We propose a new method - WildFusion - for individual identification of a broad range of animal species. The method fuses deep scores (e.g., MegaDescriptor or DINOv2) and local matching similarity (e.g., LoFTR and LightGlue) to identify individual animals. The global and local information fusion is facilitated by similarity score calibration. In a zero-shot setting, relying on local similarity score only, WildFusion achieved mean accuracy, measured on 17 datasets, of 76.2%. This is better than the state-of-the-art model, MegaDescriptor-L, whose training set included 15 of the 17 datasets. If a dataset-specific calibration is applied, mean accuracy increases by 2.3% percentage points.

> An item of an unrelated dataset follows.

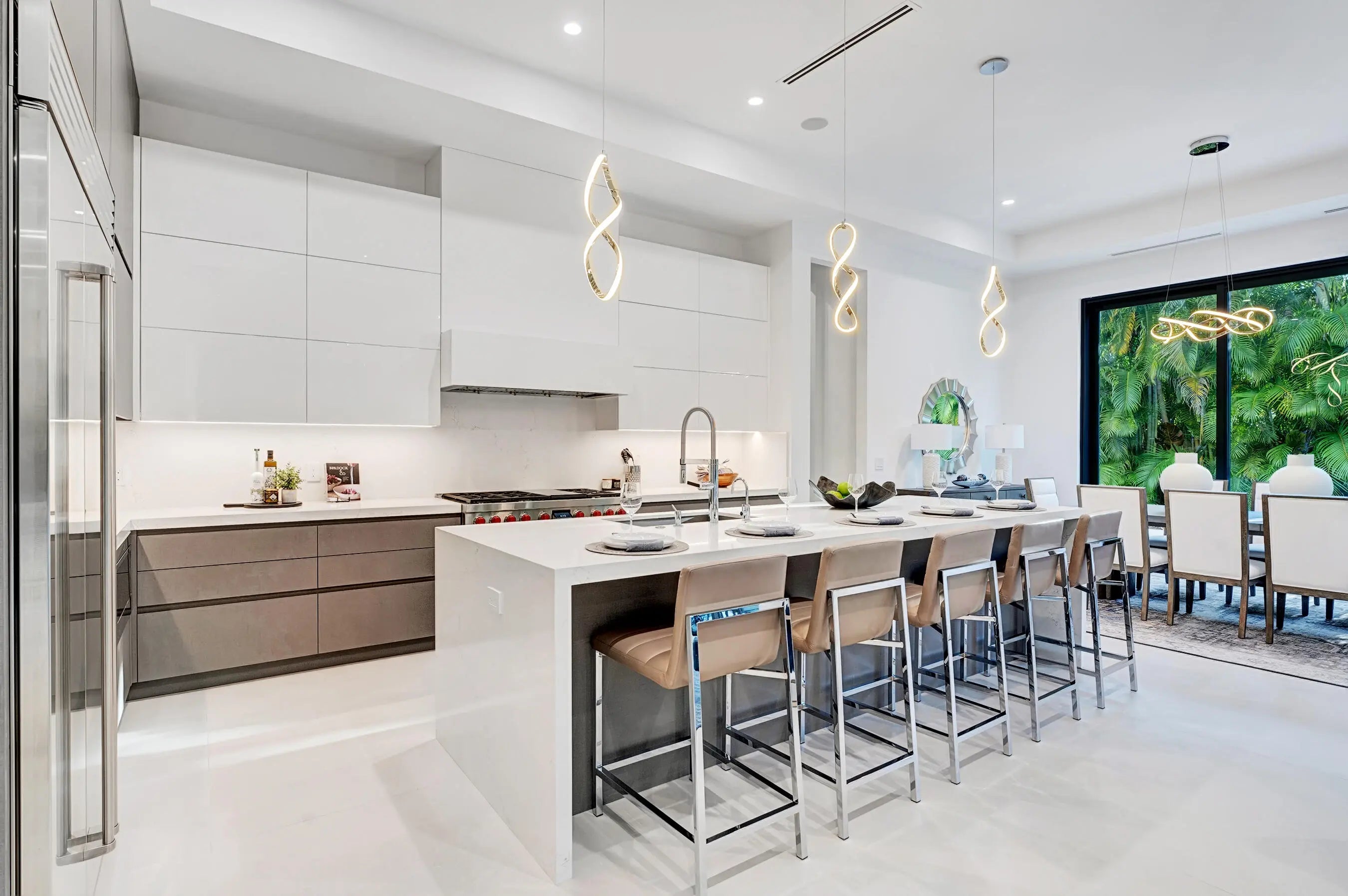 Indulge in the art of exquisite living, just a whisper away from the chic boutiques of Mizner Park and the vibrant pulse of Downtown Boca! This brand-new residence presents a sophisticated twist on Boca Villas living, where every detail exudes effortless elegance and playful charm. Imagine a sprawling floor plan gracefully unfolding around a breathtaking, oversized kitchen, a culinary masterpiece appointed with coveted Wolf and Sub-Zero appliances. From this epicurean haven, step into your own private tropical sanctuary, boasting a sleek marble-clad pool deck, a dazzling saltwater pool that beckons for leisurely dips, and abundant space to unwind or host dazzling soirees.A beautifully appointed first-floor suite offers delightful versatility - a serene haven for cherished guests or

WildFusion, with both local and global similarity scores, outperforms the state-of-the-art significantly - mean accuracy reached 84.0%, an increase of 8.5 percentage points; the mean relative error drops by 35%. We make the code and pre-trained models publicly available5, enabling immediate use in ecology and conservation.

Figures (6)

• Figure 1: Calibrated similarity fusion. Fusing local (in the $[0, \mathcal{R}]$ range) and global matching scores (e.g., cosine similarity) is not possible without calibration. By calibrating the outputs of any local and global matcher, we can easily fuse them and achieve better performance. In terms of accuracy and evaluated on 17 datasets, we increased the performance by 8.5% on average and reduced relative error by 35%.
• Figure 2: Distinct animal features for re-identification. Based on the natural visual appearance, the most distinguishable features for animals are spots, stripes, facial landmarks, and the shape of body parts (e.g., ears for elephants and fin for whales).
• Figure 3: Qualitative performance. Selected examples where WildFusion changed the decision of the MegaDescriptor-L on NyalaData, WhaleSharkID, and ZindiTurtle; three correct and false samples. We suspect that some wrong matches are mislabeled data.
• Figure 4: Effect of $\mu$ on performance. Full lines represents constant $\mu$, and dotted lines optimal $\mu$ found on validations set for each dataset. Fixing $\mu=0.5$ provides comparable results to the best $\mu$ based on validation set.
• Figure 5: Ablation on optimal number of images for model calibration. Isotonic regression calibration with fixed $\mu=0.5$ for all datasets outperforms other approaches in low data scenarios.